Allolepidotus Temporal range: Late Ladinian PreꞒ Ꞓ O S D C P T J K Pg N ↓

Scientific classification
- Kingdom: Animalia
- Phylum: Chordata
- Class: Actinopterygii
- Clade: Halecomorphi
- Order: †Ionoscopiformes
- Family: †Subortichthyidae
- Genus: †Allolepidotus Deecke, 1889
- Species: †A. ruppelii
- Binomial name: †Allolepidotus ruppelii (Bellotti, 1857)
- Synonyms: Pholidophorus ruppelii Bellotti, 1857; Allolepidotus rueppelli (alternate spelling);

= Allolepidotus =

- Authority: (Bellotti, 1857)
- Synonyms: Pholidophorus ruppelii Bellotti, 1857, Allolepidotus rueppelli (alternate spelling)
- Parent authority: Deecke, 1889

Extinct genus of ray-finned fishes

Allolepidotus ("different Lepidotes") is an extinct genus of prehistoric marine holostean ray-finned fish from the Middle Triassic of Italy.

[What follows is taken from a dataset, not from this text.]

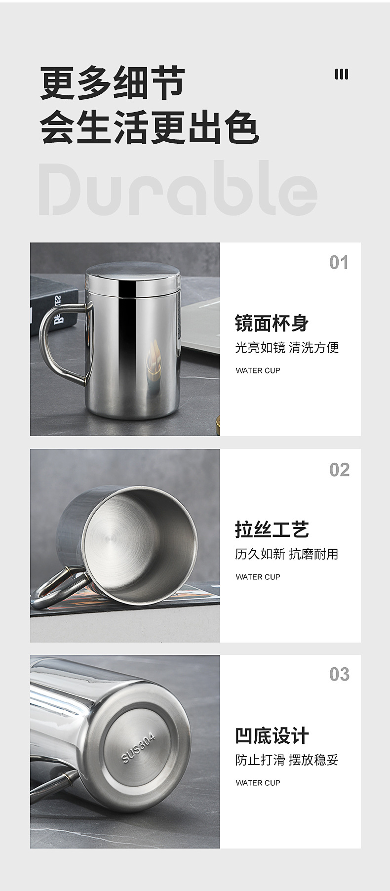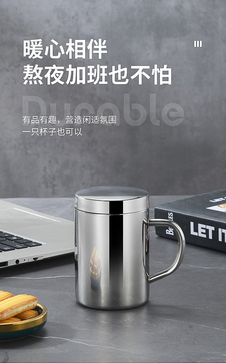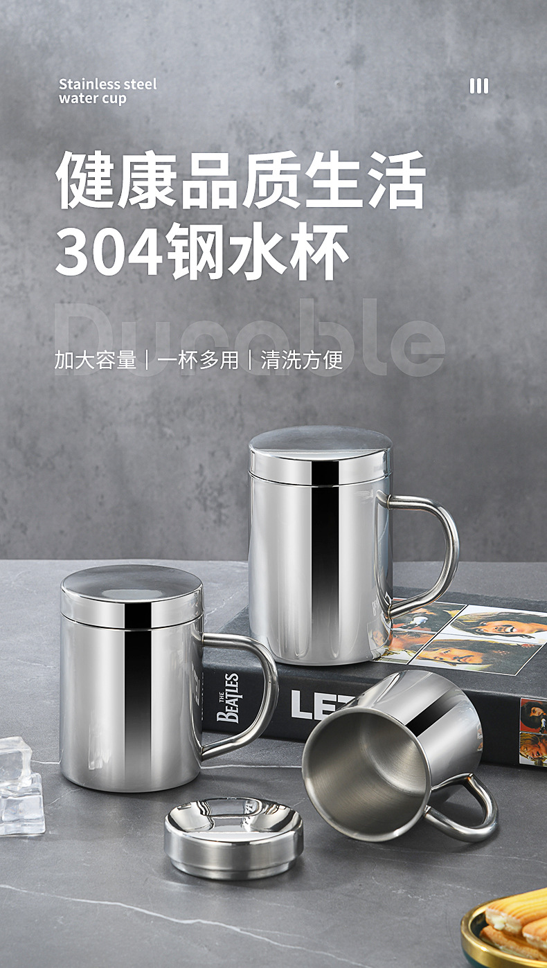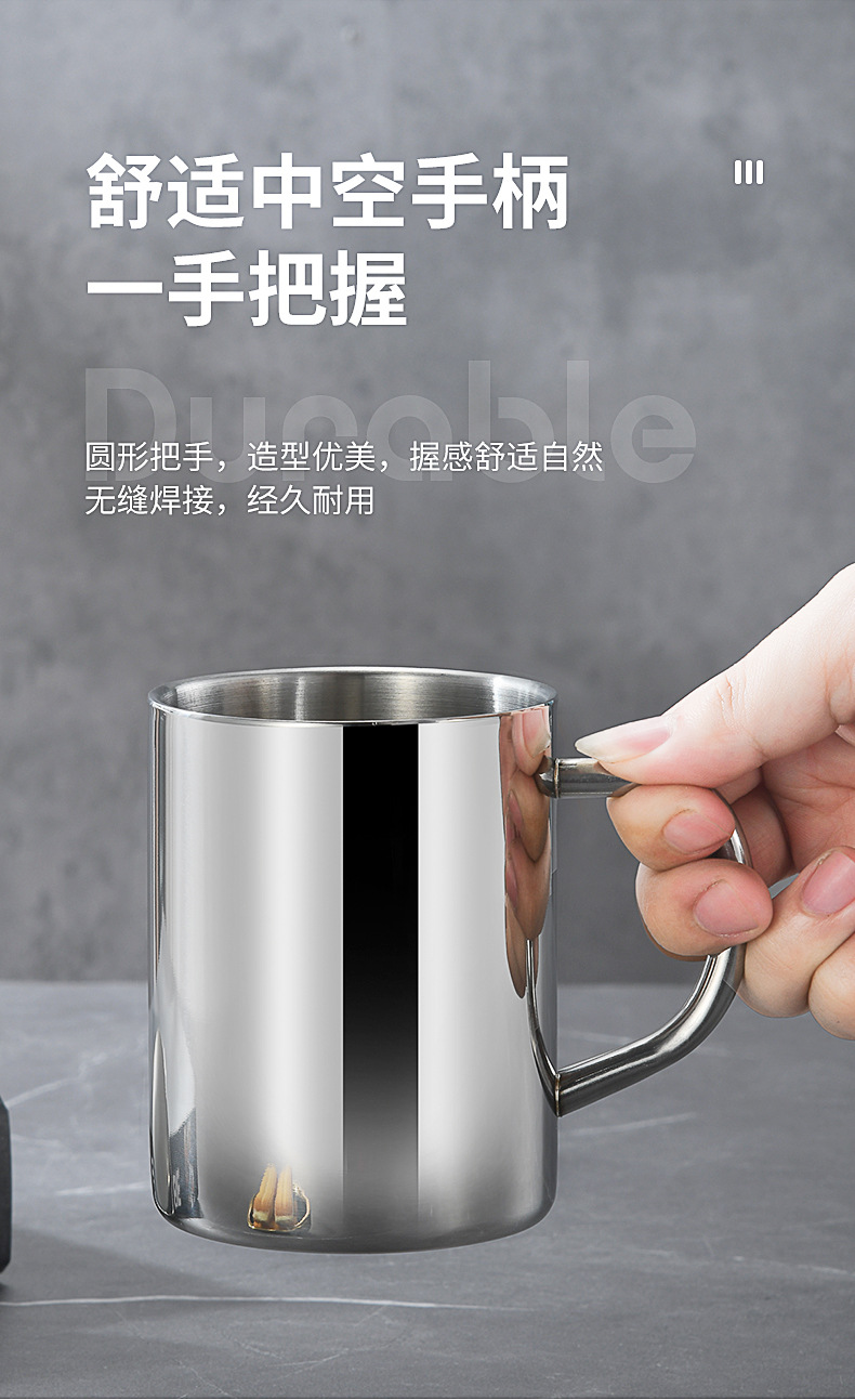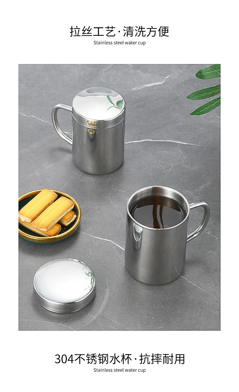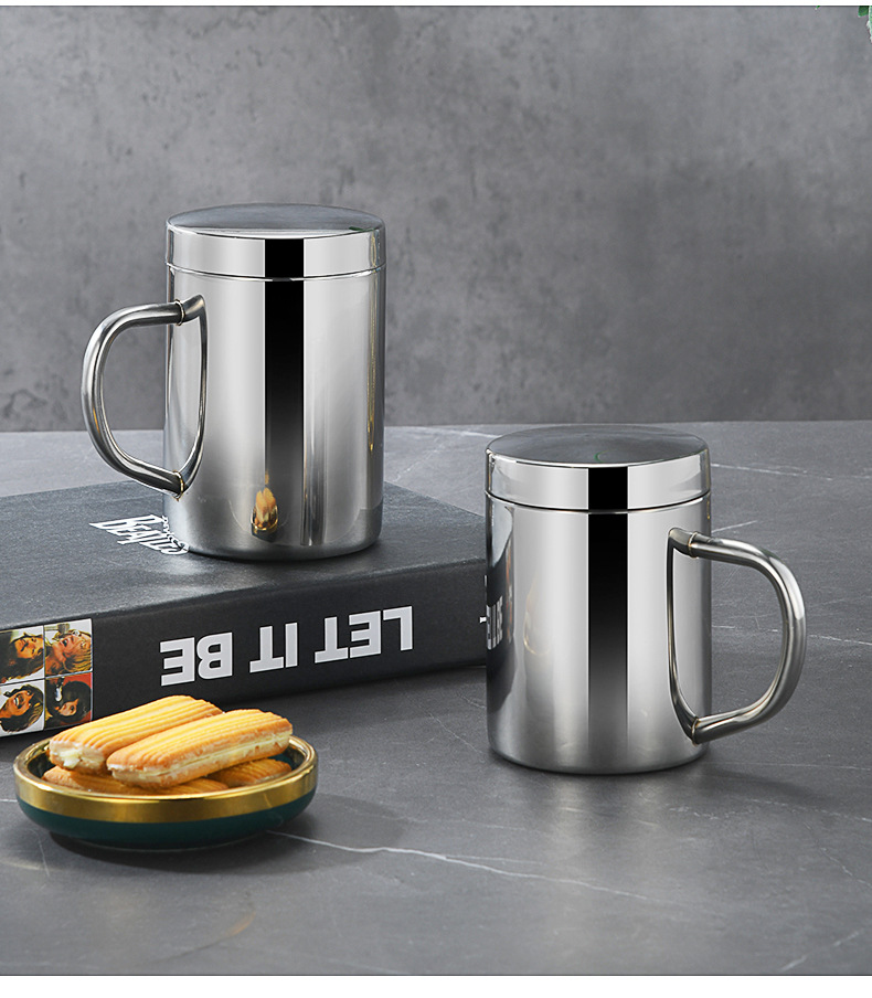 304 뚜껑이있는 스테인레스 스틸 머그 더블 레이어 컵 단열 컵 어린이 학생 물 컵 물 손잡이가있는 커피 컵

It contains a single species, A. ruppelii, from the late Ladinian-aged Perledo-Varenna Formation. It was formerly referred to the halecomorph order Panxianichthyiformes, but is now thought to be a member of the Ionoscopiformes. The misspelled specific epithet (which is sometimes amended to rueppelli in later studies) honors naturalist Eduard Rüppell.

The species A. bellottii was also formerly placed in this genus, but is now known to be a member of Eoeugnathus. The species A. nothosomoides, also placed in this genus, is now placed in its own genus, Perledovatus.